## Task goal:
From the material below, retype exactly the lines that begin at the line with "仙台店在籍女性の平均月収30" and end after the line with "Each teddy mug"; pictures stay out of the copy.

───── Dataset excerpts

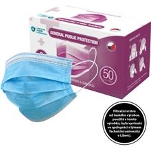 • Jednorazové zdravotnícke tvárové masky alebo rúšky vyrobené z 3 vrstiev netkanej textílie opatrené elastickou gumičkou na upevnenie za uši a tesniacim nosným pásikom kopírujúcim tvar nos
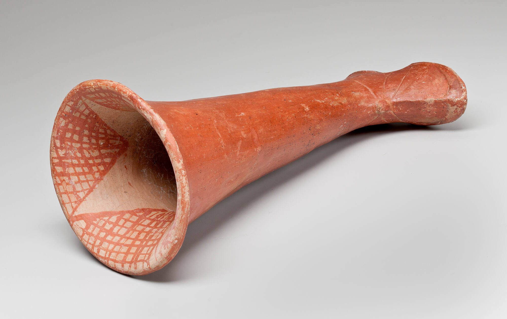Ceramic: buff body with a red burnished slip on the exterior, red paint on the interior
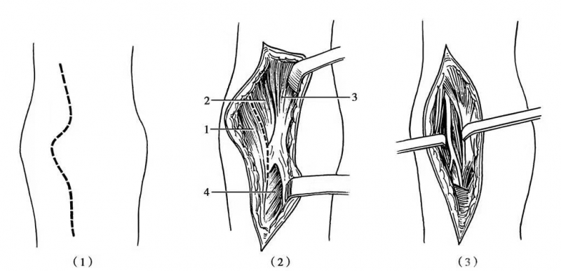 图9 前臂背外侧切口显露桡神经深支(1)切口;(2)分开指总伸肌 1.与桡侧腕短伸肌;2.的肌间隙便能显露桡神经深支,从旋后肌;3.穿出后的一段神经
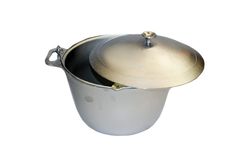 Прочный литой корпус гарантирует долговечность и прочность, а также обеспечивают равномерное распределение тепла для приготовления пищи, тушения и поджарки с сохранением естественных ароматов. Для подвешивания над костром или для переноса котел имеет удобную ручку.
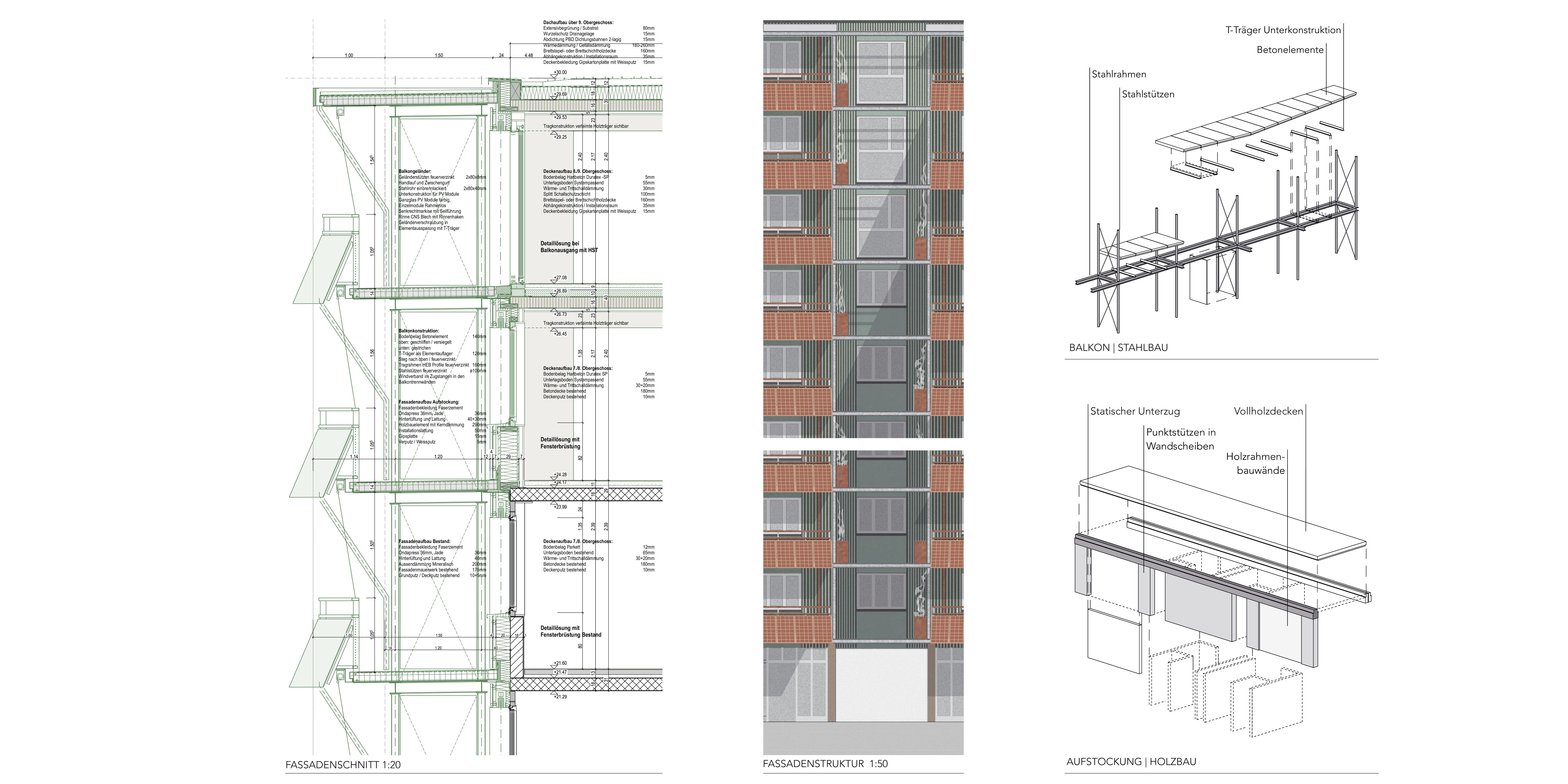 Die bestehenden Balkonplatten werden aufgrund der Wärmebrücken zurückgebaut und durch eine vorgestellte Stahlkonstruktion ersetzt. Diese trägt neue Fertigbetonplatten und ermöglicht eine modulare, rückbaubare Bauweise.
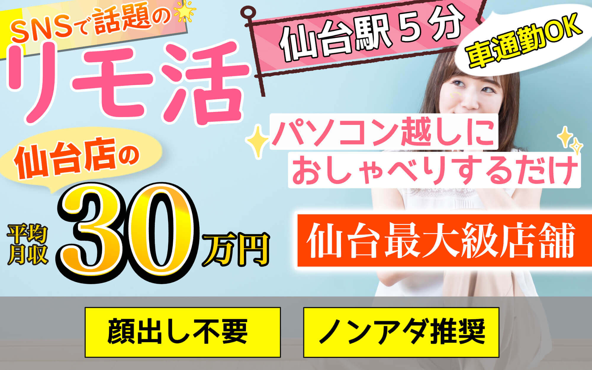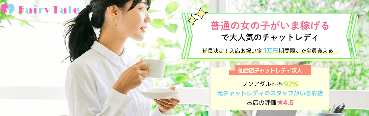 仙台店在籍女性の平均月収30万円であるため、チャットレディでしっかり稼ぎたい女性におすすめと言えます。
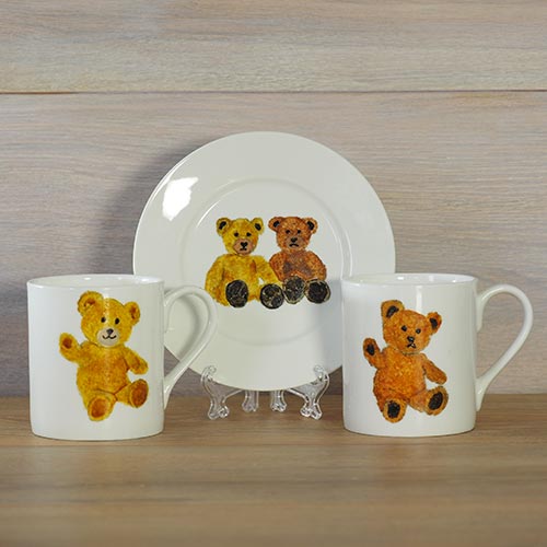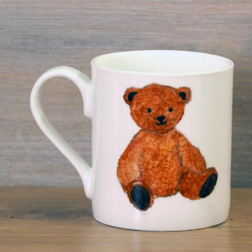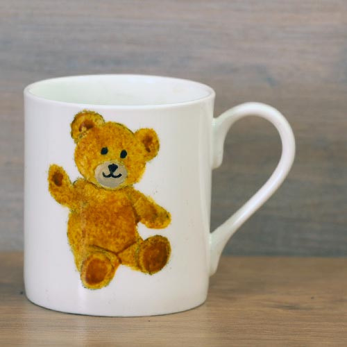 Each teddy mug is unique. Working from one of my photographs I paint the mugs in batches of about 6 so that there is consistency in the colours of the teddies. With the paint, I build layers of colour which creates texture on the mug and adds to their vibrancy. The paints are ceramic and once dry are baked in the oven to cure the paint which makes them dishwasher proof. The mugs we are using are beautifully thin bone china, just right for a lovely cup of tea or coffee. These teddies are all on our small Balmoral stock which gives you a small cup of tea or coffee and is perfect for our children’s range. To see more information and compare sizes link here.
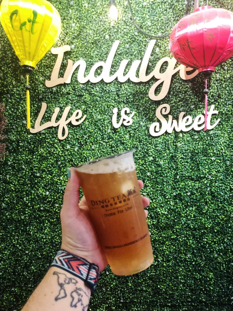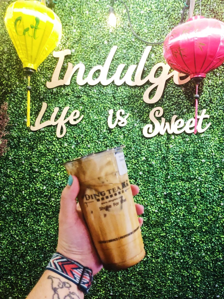 Updated Post: I recently tried some newer drinks Ding Tea offers- Taro Mash, Guava with Crystal Boba, Dalgona Coffee Milk Tea, and Condensed Milk Coffee. The Taro Mash was incredible – they filled the bottom with freshly mashed Taro and topped it with Green Milk Tea. It was slightly sweet and had a rich flavor which paired well with the green tea. It was very refreshing and 10/10 would recommend. The Dalgona was unique – if you are not familiar with it, it was a big trend when Covid first hit. You take instant coffee with a little bit of water and mix it until it becomes this whipped coffee and then serve with milk over ice. It was actually really good – I can’t 100% confirm how they make their Dalgona, but I assume it is very similar. The coffee was strong, but not bitter and was actually super creamy! My least favorite was the Guava. I have never been a big fan of fruit teas, but it is so hot here right now it sounded refreshing and I love guava things! This was entirely too sweet though, it tasted like I was just drinking straight sugar water. I couldn’t even finish it, but the crystal boba were pretty dope! I didn’t adjust the sweetness because honestly I didn’t think it would be THAT sugary, so I recommend adjusting the fruit teas down if you are not looking for a sugar rush.
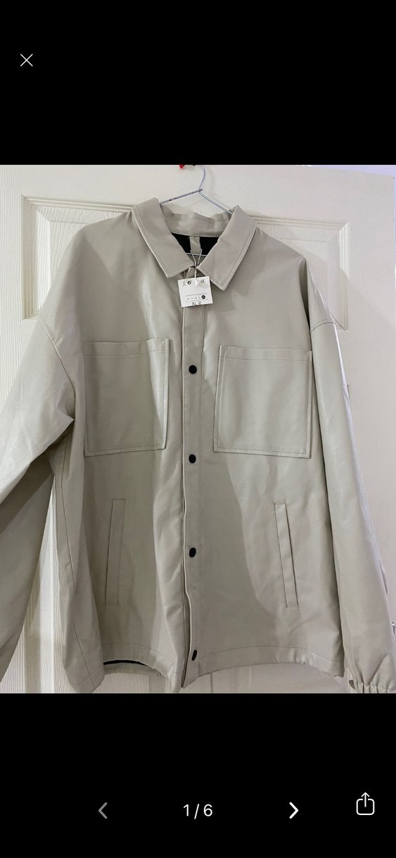 Bej renkli deri ceket, düğmeli ve yakalıdır. Düzenli kesim, uzun kollu ve ön ceplidir, günlük sokak stili için uygundur.
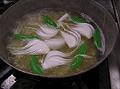 葉付き玉ねぎは掃除してくし型に切り揃える。
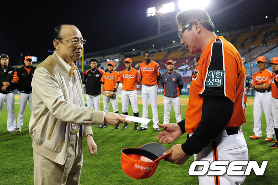 경기종료 후 한화 김승연 회장이 한대화 감독에게 금일봉을 전달하고 있다. /soul1014@osen.co.kr

──────────

## Solution to this exercise:
 仙台店在籍女性の平均月収30万円であるため、チャットレディでしっかり稼ぎたい女性におすすめと言えます。
 Each teddy mug is unique. Working from one of my photographs I paint the mugs in batches of about 6 so that there is consistency in the colours of the teddies. With the paint, I build layers of colour which creates texture on the mug and adds to their vibrancy. The paints are ceramic and once dry are baked in the oven to cure the paint which makes them dishwasher proof. The mugs we are using are beautifully thin bone china, just right for a lovely cup of tea or coffee. These teddies are all on our small Balmoral stock which gives you a small cup of tea or coffee and is perfect for our children’s range. To see more information and compare sizes link here.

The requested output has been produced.